Virus production and infection

Lentiviruses were produced in 293T cells using packaging plasmids (pCMV-dR8.9 and pMD2.G). Viral particles were concentrated using Lentivirus precipitation solution (ALSTEM). Viral pellets were resuspended in PBS and frozen as aliquots at −80°C.

To infect HPDE cells, 150,000 cells were seeded per well of a 6-well plate. Concentrated lentiviral particles were added to the cells and spinfected at 2250rpm for 30min. The viral media was then discarded. The cells were washed once with PBS and fresh culture media was added. Cells expressing the transgene were selected 48hrs after infections with 2μg/ml puromycin.

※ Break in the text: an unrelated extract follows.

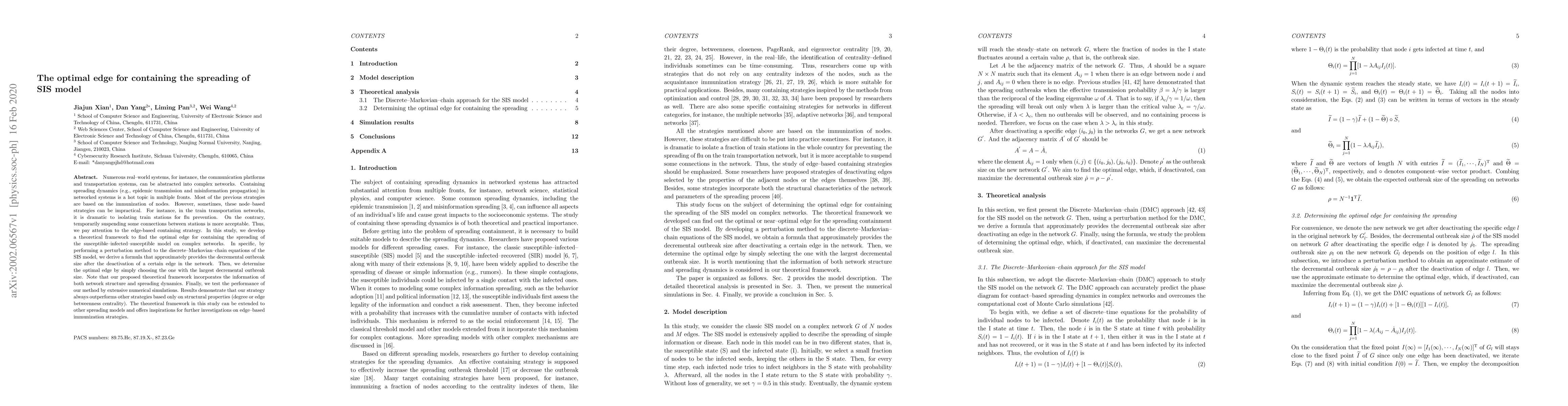 This paper develops a theoretical framework to identify the optimal edge for containing the spread of the SIS model in complex networks, focusing on edge-based strategies rather than node-based immunization. The proposed method outperforms traditional strategies by considering both network structure and spreading dynamics, as demonstrated through extensive numerical simulations.

To infect pancreatic progenitors, 48-well plates were first coated with 5% Matrigel for ~2–3hours. At the time of seeding, the Matrigel solution was aspirated and the plates were allowed to air dry. ~150,000 single pancreatic progenitor cells were then seeded as a monolayer in each Matrigel-coated well. After 24hours, lentiviruses supplemented with 4μg/ml polybrene was added to each well and the plates were incubated at 37°C overnight. The next day, infected cells were briefly digested with Accutase (Sigma) and centrifuged at 1500 rpm for 5min. The pellet was resuspended in stage 1 of either ductal or acini differentiation media and ~40,000 cells were seeded per well of an 8-well chamber slide. 0.3μg/ml of puromycin was added on Day3 post seeding to select for transgene-expressing cells. 1μg/ml of doxycycline was added to the culture media to induce transgene expression at indicated time points.

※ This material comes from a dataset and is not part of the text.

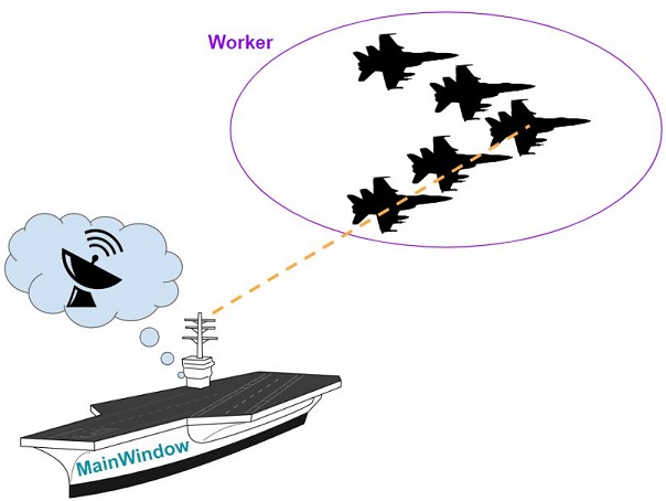 그런데 여기서 중대한 문제점이 발생했습니다. 지금은 어느정도 힌트가 잡힌 감이 있기는 있어도, 문제는 이 프로그램을 만들 당시에는 제가 각각의 스레드라고 할 수 있는 저 전투기 - 함재기에다가 명령을 전달해야 하는데, 항공모함인 MainWindow에서 Worker사이에 데이터를 주고 받는 기술을 몰랐습니다.

Phase contrast image analysis

For phase contrast imaging, at least 50–100 organoid images (per experiment) were taken using either a 4X or a 10X objective. Image Analysis were performed using ImageJ. Briefly the longest diameter (d) of each organoid was measured and the area was calculated as π(d/2)².

Click-it EdU proliferation assay and Immunofluorescence

For Edu proliferation assays, ductal and acini organoids were incubated with 10μM Edu for 4hrs at 37°C in the incubator. Both ductal and acini structures were fixed in 4%PFA in PBS for 30min at RT and then processed for Edu-Click-iT according to manufacuturer’s instructions (Thermo Fisher). Next, the organoids were then processed for GFP immunofluorescence. Briefly, organoids were incubated with immunofluorescence buffer (7 mM sodium dibasic heptahydrate, 3 mM sodium monobasic monohydrate, 131 mM NaCl, 0.1% BSA, 0.02% Tween 20, and 0.2% Triton X-100) for 15 min at RT. Cells were then incubated in blocking buffer containing 0.5% Triton X-100 and 1% BSA for 15 min at RT. Primary antibody incubation was prepared in PBS with 1% BSA and incubated overnight at 4°C. Cells were then rinsed with PBS 3× for 10 min before secondary fluorescent antibody incubation in PBS with 1% BSA along with DAPI stain to mark the nuclei. Embedded structures were mounted on coverslips using fluorescent mounting medium (Dako). Confocal images of the mid-section of each organoid were taken on a Zeiss LSM880 inverted live-cell microscope. Images were processed using Zeiss Zen and ImageJ was used to determine percentage of Edu^+ve cells at the mid-section of each organoid.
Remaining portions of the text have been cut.